He sighed. He didn’t really have time for this, as his aim this morning had been to call on Sir Nicholas, and Miss Wetherby, of course, and settle the conditions of the betrothal. He’d already been made late thanks to his visit to Lady Raby. Things seemed to be conspiring to get in his way. But his conscience wouldn’t allow him to ignore this child. “No mother?”

“No.”

“No father?”

She shook her head.

An orphan. Another waif he could help. Damn Miss Wetherby and her family. What was more important? Settling a betrothal or saving a child from starvation on the streets? He should take the time to help this waif and the Wetherbys would have to put up with him being late. Her stick-like limbs wrung his heart, and her gray eyes, devoid of hope, didn’t help. He kept his voice as gentle as he could, despite his fury that a child so young could be left to fend for herself. But apart from the streets, what else was there for her other than the workhouse? “What’s your name, child?”

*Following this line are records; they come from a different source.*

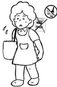
嗜好品 (アルコール、タバコ等) 本人以外の買い物代行
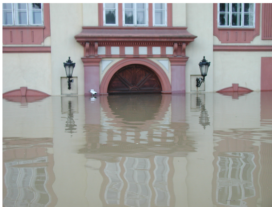
Zatopená brána zámku v Liběchově (Národní muzeum)

pouze v Muzeu Šumavy v Sušici (mírně zatopeny sklepy), Západočeském muzeu v Plzni (zatopené sklepy muzea), Západočeské galerii v Plzni (zvýšená vlhkost) a Okresním muzeu v Klatovech, které má zaplaveny sklepy objektů lidové architektury v Chanovicích, kde je též zničena příjezdová komunikace.
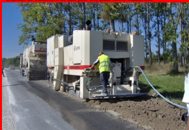
Vue générale d'un chantier de retraitement d'une chaussée en place avec un liant hydraulique routier

Actuellement, les techniques utilisant des liants hydrauliques routiers pour le retraitement en place à froid des chaussées et le traitement des matériaux routiers fonctionnent parfaitement.
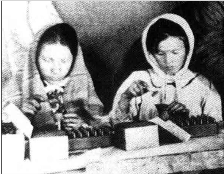
Cephane yapımında çalışan kız çocukları
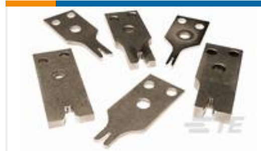
TE 产品编号1-913714-3 CRIMPER, INS
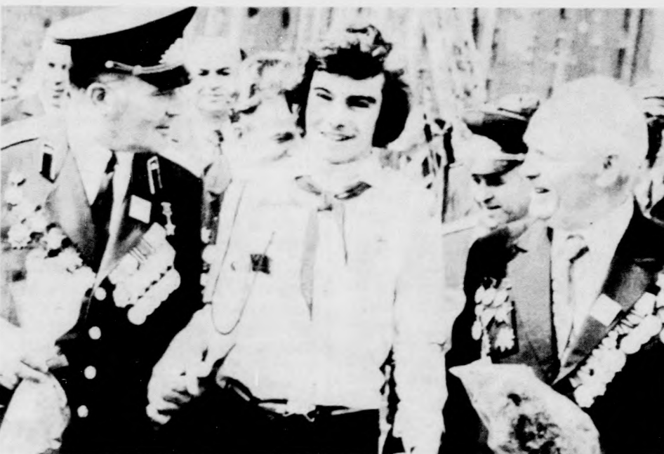
Az április 4-i ünnepségen résztvevő budapesti úttörők a hazánk felszabadításában kitűnt harcossal

Ezután szinte végeláthatatlan áradással töltötték be a teret, színpompájuk, vidámságuk feledhetetlen percekét szerzett minden néző-
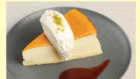
⑲ チーズケーキ ¥720 Cheesecake

She sniffed and wiped her nose with the back of her hand. “Josie.”

“Just Josie? No surname?”

She shook her head. “I fink I had one once, but I don’t recommember rightly. No one calls me anyfin but Josie now.” She thought for a moment. “Or mostly jus’ ‘girl’, when they wants me.”

“Well, Josie, can you tell me where you sleep at nights, then? Does someone other than your mother take care of you? Perhaps an older sister?” Surely someone had her under their wing and he could class her as “looked after.” She could only be eight at the most, hardly any older than…

“I ain’t got no one. I finds meself a corner, outta the way. There’s dange’rous people about at nights. But I’m real good at hidin’.”

A corner. A child sleeping in a cold corner in February in these inadequate rags, hoping not to be discovered by the scum who roamed the streets under cover of the darkness. He knew all too well what sort of men peopled the back streets at night. Seeing street children dead from the cold, or dead from other things, had started all this for him. That and…

He shook himself. He wasn’t about to let this child become one of their number, not when he had the means at his disposal to save her. “Will you trust me, Josie, when I say that I mean you no harm?” There were plenty of men, even gentlemen, about, who would take advantage of an orphan like her for their own pleasure, and he had no idea whether she’d been subject to their attentions.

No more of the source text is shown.